Let’s start with the data to lay the foundation:
In retail, more than 80% of sales take place at physical points of sale.
Reduces acquisition costs by 50%.
Increase sales by 5-15%.
Increase your marketing investment efficiency by 10-30%.
Data source : Matt Ariker, Jason Heller, Alejandro Diaz, and Jesko Perrey, “How marketers can personalize at scale,” Harvard Business Review, November 23, 2015.
The improvement of the personalization of the experience has been a constant on the Internet, but we have not yet taken that step in the offline world.
As the Mckinsey image below shows, the differences between the two worlds are obvious.
Mckinsey digital vs offline personalizationThe barriers to making these changes are still high. Beyond cultural constraints (differences between management teams, tradition vs. “novelty”, etc.), the biggest obstacles are in:
The idea that it is difficult to amortize the technological investment: the reality is that you can start doing things without making large investments, and with an immediate return measurement.

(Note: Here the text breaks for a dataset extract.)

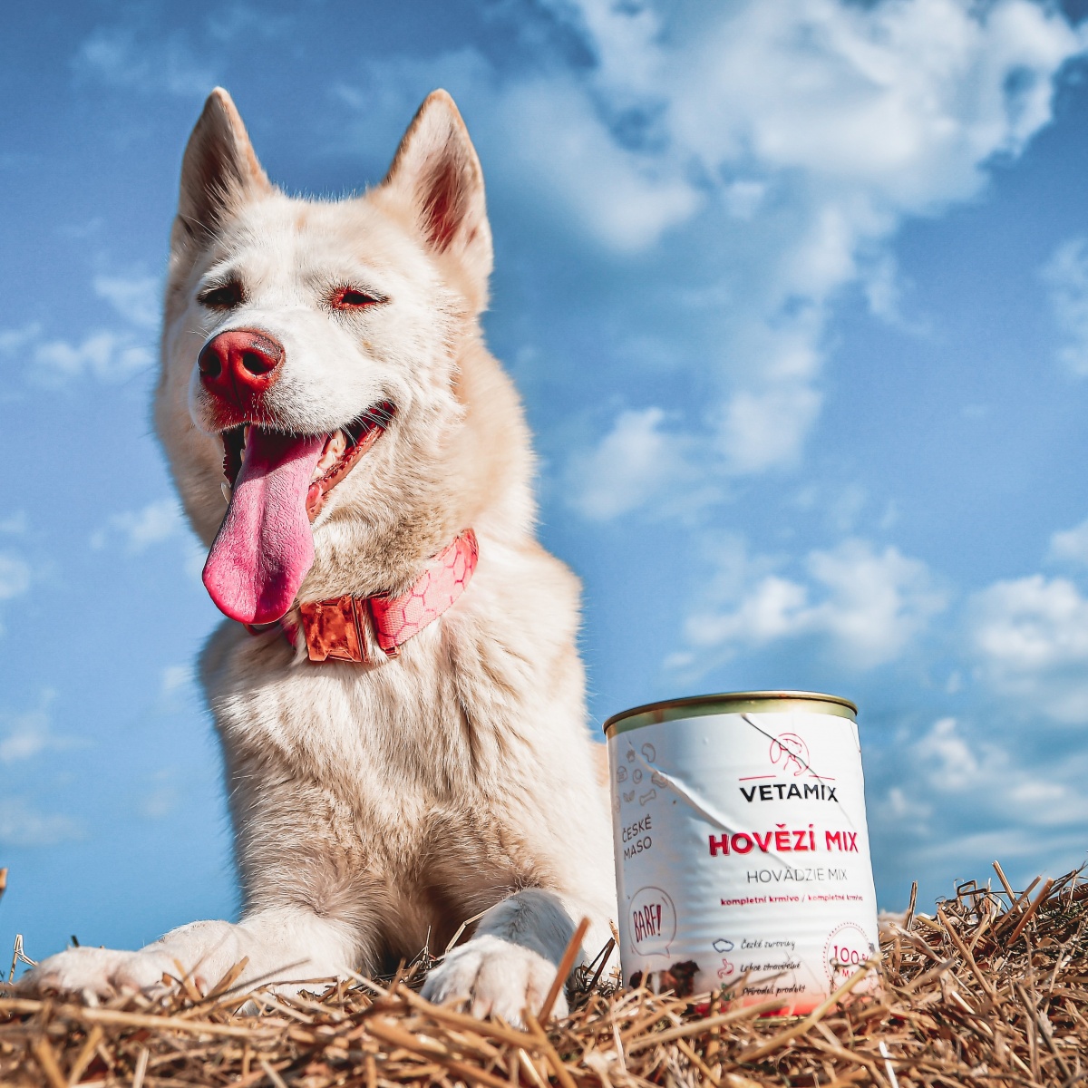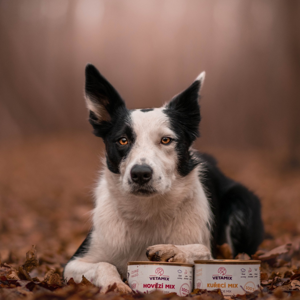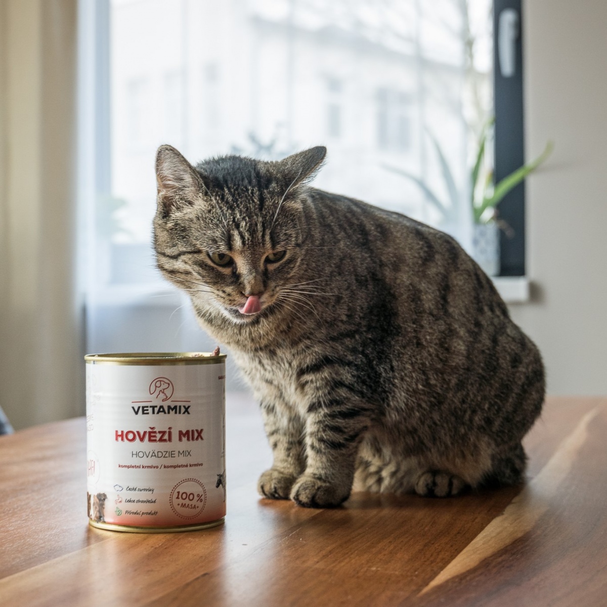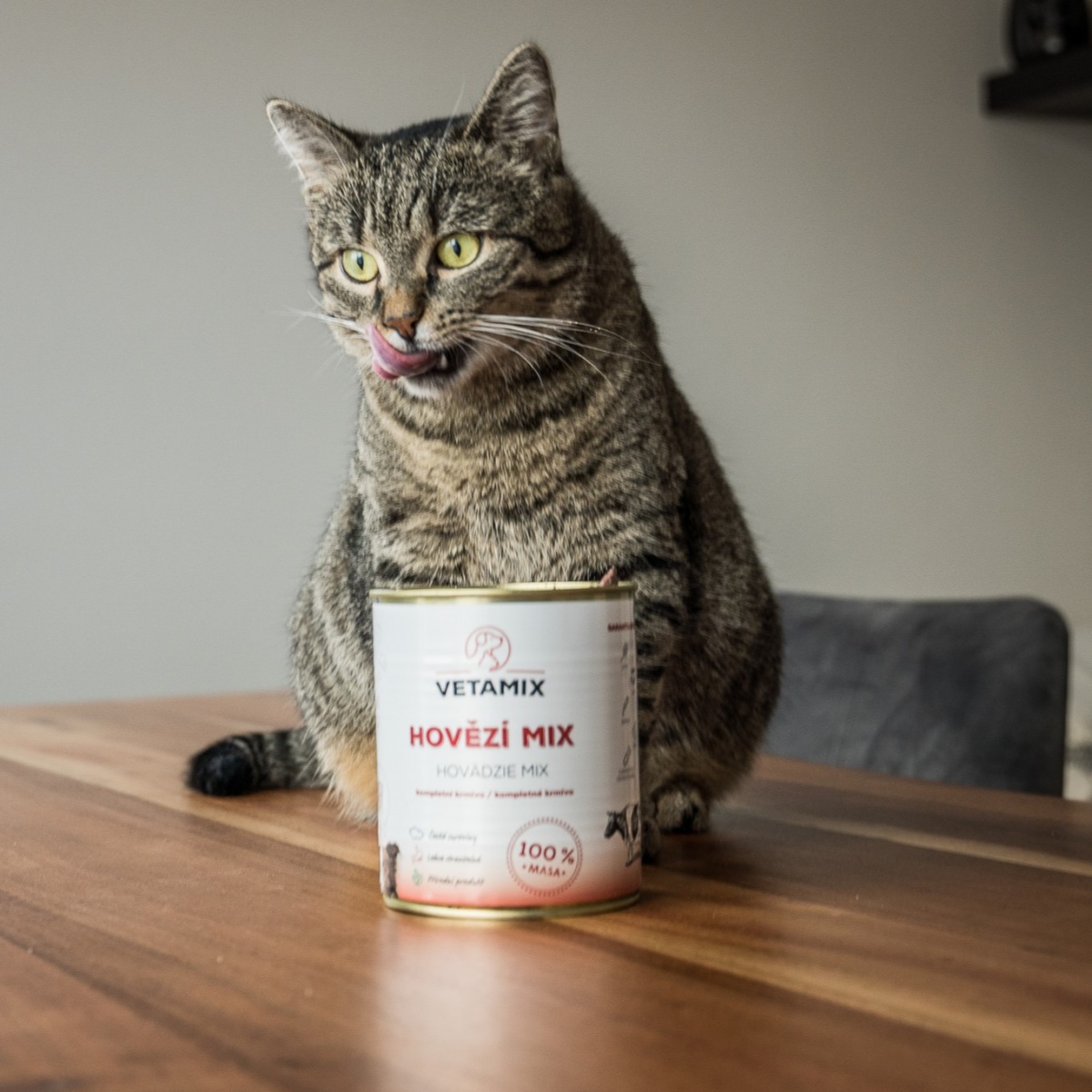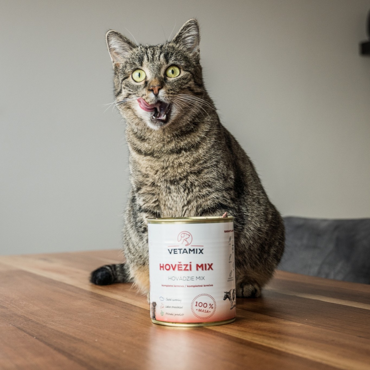 Série konzerv "MIX" obsahuje vždy 40 % převažujícího druhu svaloviny ve vyváženém poměru s dalšími druhy masa, droby a jemně namletými kostmi.
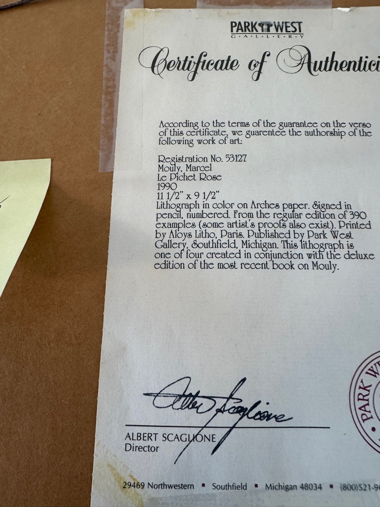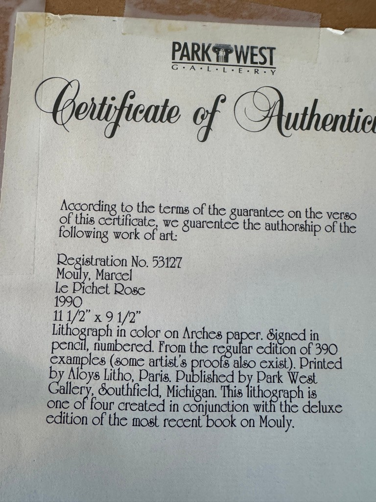 See on back of frame certificate of authenticity 280/390 size 11 1/2" x 9 1/2" signed in pencil Mouly

This customization involves modifying the purchase processes of our customers, since it involves adding digital contact points (mobile application, giving information to store personnel (coupons), etc.). And this also involves training store personnel.
And all this means making organizational and cultural changes to make this transformation possible.
How to start omnichannel customization
1. Define the omnichannel personalization strategy
The first thing is to have 100% clear and defined in detail the customer’s customer journey . Understanding how it behaves and the objectives by stage of the business are the basis for defining the mechanisms to achieve them.
What problem do we have in our stores? The initial answer is usually always the same: “we need to sell more.” But after this answer come other questions that make us go deeper: what is the biggest problem? influx? Quality of the visit? (degree of interest) conversion to sale? Very long sales process? Difficulty conveying the value proposition ?
Based on the answers to these questions (each one tells us about a different phase of the customer journey ), we can consider what are the most appropriate actions to solve them.
Stock options to bring traffic to retail stores:
Local digital campaigns :
Local campaigns on the Google display network and Google Ads.
Drive to store campaigns on Facebook .
Lean on Google My Business cards to derive store traffic, calls, visits to the web, etc.
Geofencing: sending notifications based on entry into the store’s zone of influence.
Measurement of the effectiveness of our digital campaigns, by the number of visits whose mobile DE Phone Number contains our cookie (the process is more complex on a technical level, but this is the simple explanation!).
Notifications via mobile application.
Define digital lead generation processes, to which we send to stores to finalize the purchase: product reservation, coupons, digital configuration + offline purchase and test, product test in store …
Outdoor advertising campaigns in billboards, etc. to drive traffic to a specific store.
2. Define the contact points that we will use in the onmichannel customization
Depending on what we have defined, we must ground the strategy using the five contact points where on and off converge:
Mckinsey touchpoints where digital and offline convergeWith these approaches and what is defined in our strategy, we are prepared to define an omnichannel customer journey in which we are going to combine our objectives with the mixed points of contact that we have seen.
From this point comes another of the key moments: implementation.
From my point of view what we have to do is:
Define the metrics and measurement tools that allow us to optimize processes and measure the return from the first moment.
Training for all teams involved so that they understand the importance and role of each of the contact points.
Make a deployment in stages to optimize the process and verify that it is truly omnichannel. All this assembly is of no use to us if we are not able to define what is defined on paper to the real experience of the client in terms of information, treatment and processes.